General Topology – Is a Closed Subset of a Compact Set Compact?

Question

Is there a way to prove this using sequential compactness instead of open cover definitions?

My first gut reaction was that the fact was obvious since we can show that the closed subset $[a,b]$ is compact in $\mathbb R$.

Answer 1

Although they coincide in metric spaces, in general sequential compactness and compactness are very different properties: neither implies the other, so you can’t expect to use sequential compactness to prove something about compactness. Thus, you’re really talking about two different theorems.

Theorem 1. If $\langle X,\tau\rangle$ is a compact space, and $K$ is a closed subset of $X$, then $K$ is compact.

The proof using open covers is trivial.

Theorem 2. If $\langle X,\tau\rangle$ is a sequentially compact space, and $K$ is a closed subset of $X$, then $K$ is sequentially compact.

Proof.
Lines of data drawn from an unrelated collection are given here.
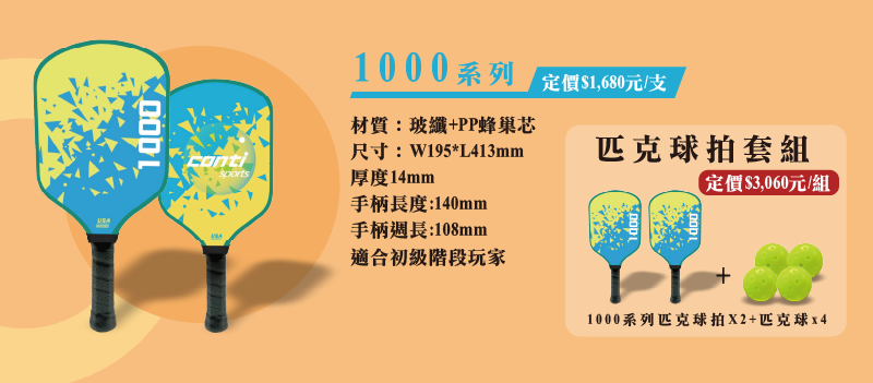 套組內容:1000系列匹克球拍X2+匹克球x4
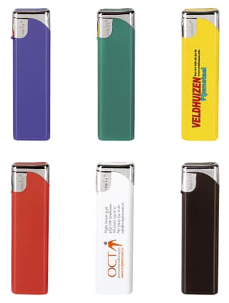 Zorr Slider Piezo elektronische aansteker bedrukken hard colour, navulbaar, 24x80x8 mm, met gas stop, shock proof bodem, kinderbeveiliging en ISO gecertificieerd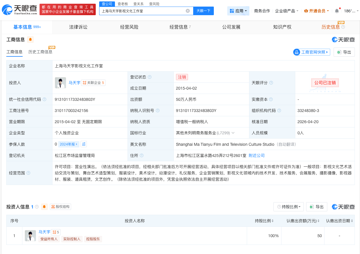天眼查App显示,近日,上海马天宇影视文化工作室经营状态由存续变更为注销。该工作室成立于2015年4月,投资人为马天宇,出资额50万人民币。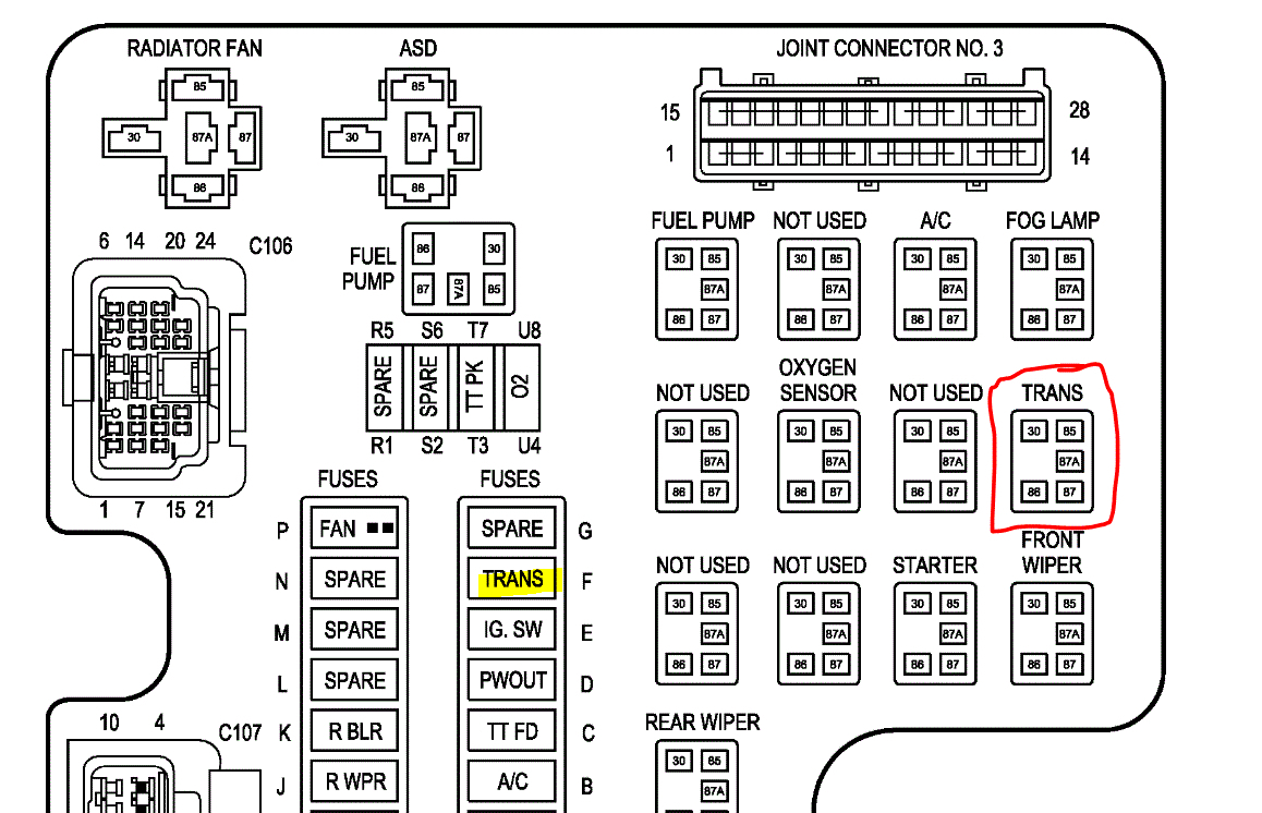 Next, the codes related to the transmission are specific to a voltage issue. Check the transmission fuse and relay located in the power distribution box under the hood. See pics 1 and 2. I can't be sure, but I suspect the issue is the relay.

Let $\sigma=\langle x_k:k\in\Bbb N\rangle$ be a sequence in $K$. Since $\sigma$ is also a sequence in $X$, it has a subsequence $\langle x_{n_k}:k\in\Bbb N\rangle$ that converges to some $x\in X$. If $U$ is an open neighborhood of $x$, there is a $k\in\Bbb N$ such that $x_{n_k}\in U$, so $U\cap K\ne\varnothing$. Thus, $x\in\operatorname{cl}K=K$, and the subsequence $\langle x_{n_k}:k\in\Bbb N\rangle$ is convergent in $K$ as well as in $X$. $\dashv$

As you can see, it’s not hard to prove that sequential compactness is inherited by closed sets, but the proof is at least a little more involved than the trivial proof for compactness.